Work instructions
Return all entries precisely as they stand, without the images.
........
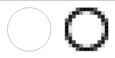 如下图,这是一个放大了1200%的屏幕,前面是告诉计算机我有一个圆形,后面就是计算机把圆形转换成可以显示的像素点。这个过程就是Rasterize。
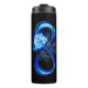 Luminous infinity symbol with glowing, beautiful, lushly blooming rose made of blue flames on black background.
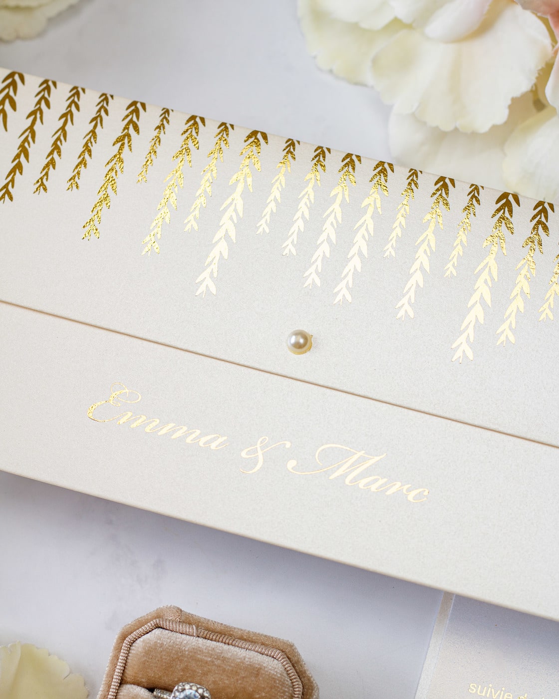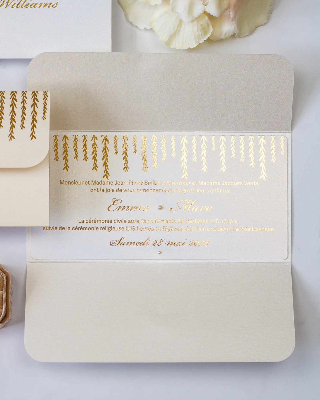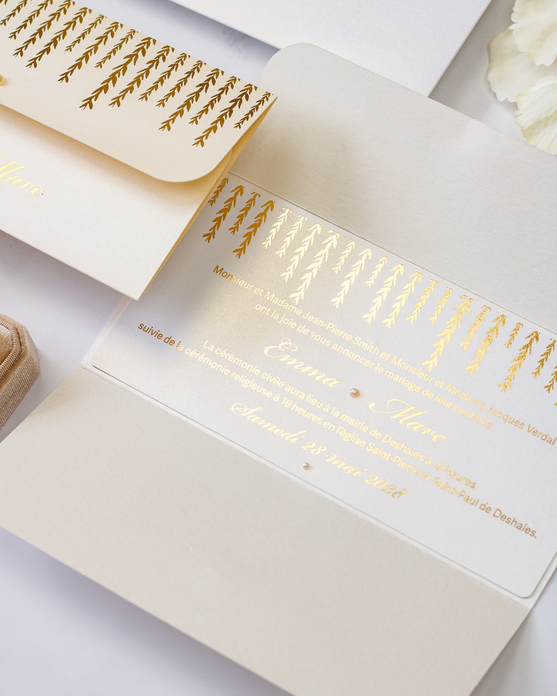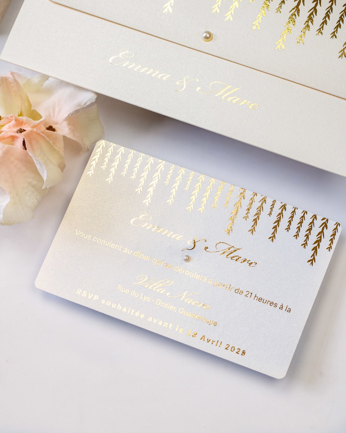 Faire-part de mariage simple et élégant sublimé par la dorure et orné d'une perle blanche.
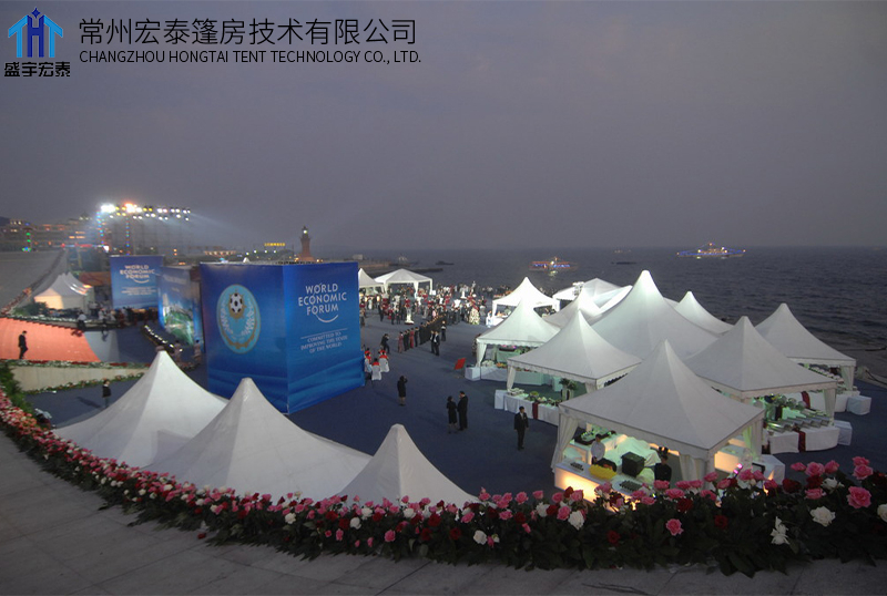 The top of the polygonal peak tent is a peak style, which makes the shape more beautiful, quick and convenient to disassemble and assemble, and small in storage and transportation. It is widely used in large outdoor private parties, wedding gatherings, product promotions, sports events and other activities.
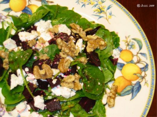 先放拌過的菠菜葉,起士丁,甜菜根丁,最後放上烤過的核桃仁,撒上少許現磨黑胡椒。起士已有鹹味,所以不用放塩。
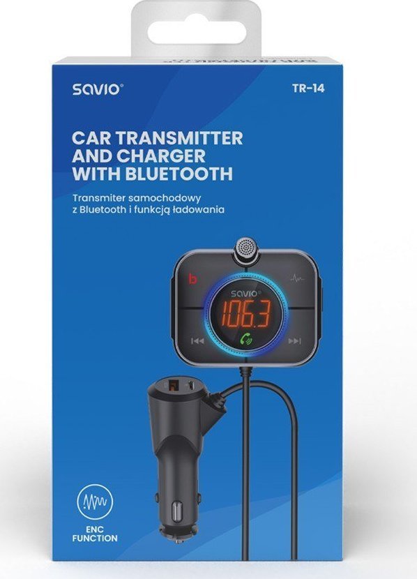 Ο πομπός αυτοκινήτου TR-14 είναι μια πολυλειτουργική συσκευή εξοπλισμένη με Bluetooth 5.0 και προηγμένη τεχνολογία ENC (περιβαλλοντική μείωση θορύβου), η οποία μειώνει τον θόρυβο καταστέλλοντας περιττούς ήχους από το περιβάλλον, γεγονός που βελτιώνει σημαντικά την ποιότητα των συνομιλιών. Ο επεξεργαστής μουσικής που χρησιμοποιείται σας επιτρέπει να αναπαράγετε τα αγαπημένα σας τραγούδια σε εξαιρετική ποιότητα. Ο πομπός διαθέτει είσοδο πολυμέσων Micro SD και έξοδο γραμμής AUX και είναι επίσης εξοπλισμένος με δύο εξόδους γρήγορης φόρτισης που υποστηρίζουν Quick Charge 3.0 και Power Delivery 3.0, χάρη στις οποίες μπορείτε να φορτίζετε γρήγορα το smartphone ή το tablet σας. Ο φωτιζόμενος δακτύλιος και η δυνατότητα επιλογής του κατάλληλου χρώματος θα κάνουν τη συσκευή να ταιριάζει τέλεια στο εσωτερικό οποιουδήποτε αυτοκινήτου.Bluetooth 5.0
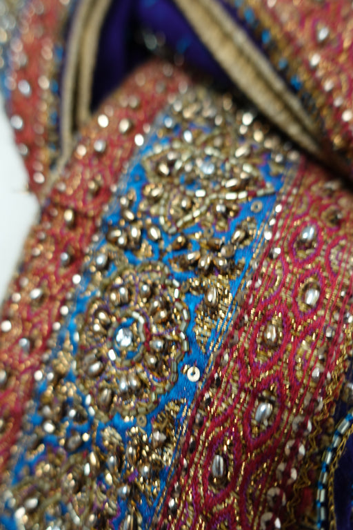 Crushed vivid purple silk, it has gold embroidery work beads, metallic tilla as well as gold hot dots. This is new in excellent condition. Outer ed...
........
Answer to this task
 如下图,这是一个放大了1200%的屏幕,前面是告诉计算机我有一个圆形,后面就是计算机把圆形转换成可以显示的像素点。这个过程就是Rasterize。
 Luminous infinity symbol with glowing, beautiful, lushly blooming rose made of blue flames on black background.
 Faire-part de mariage simple et élégant sublimé par la dorure et orné d'une perle blanche.
 The top of the polygonal peak tent is a peak style, which makes the shape more beautiful, quick and convenient to disassemble and assemble, and small in storage and transportation. It is widely used in large outdoor private parties, wedding gatherings, product promotions, sports events and other activities.
 先放拌過的菠菜葉,起士丁,甜菜根丁,最後放上烤過的核桃仁,撒上少許現磨黑胡椒。起士已有鹹味,所以不用放塩。
 Ο πομπός αυτοκινήτου TR-14 είναι μια πολυλειτουργική συσκευή εξοπλισμένη με Bluetooth 5.0 και προηγμένη τεχνολογία ENC (περιβαλλοντική μείωση θορύβου), η οποία μειώνει τον θόρυβο καταστέλλοντας περιττούς ήχους από το περιβάλλον, γεγονός που βελτιώνει σημαντικά την ποιότητα των συνομιλιών. Ο επεξεργαστής μουσικής που χρησιμοποιείται σας επιτρέπει να αναπαράγετε τα αγαπημένα σας τραγούδια σε εξαιρετική ποιότητα. Ο πομπός διαθέτει είσοδο πολυμέσων Micro SD και έξοδο γραμμής AUX και είναι επίσης εξοπλισμένος με δύο εξόδους γρήγορης φόρτισης που υποστηρίζουν Quick Charge 3.0 και Power Delivery 3.0, χάρη στις οποίες μπορείτε να φορτίζετε γρήγορα το smartphone ή το tablet σας. Ο φωτιζόμενος δακτύλιος και η δυνατότητα επιλογής του κατάλληλου χρώματος θα κάνουν τη συσκευή να ταιριάζει τέλεια στο εσωτερικό οποιουδήποτε αυτοκινήτου.Bluetooth 5.0
 Crushed vivid purple silk, it has gold embroidery work beads, metallic tilla as well as gold hot dots. This is new in excellent condition. Outer ed...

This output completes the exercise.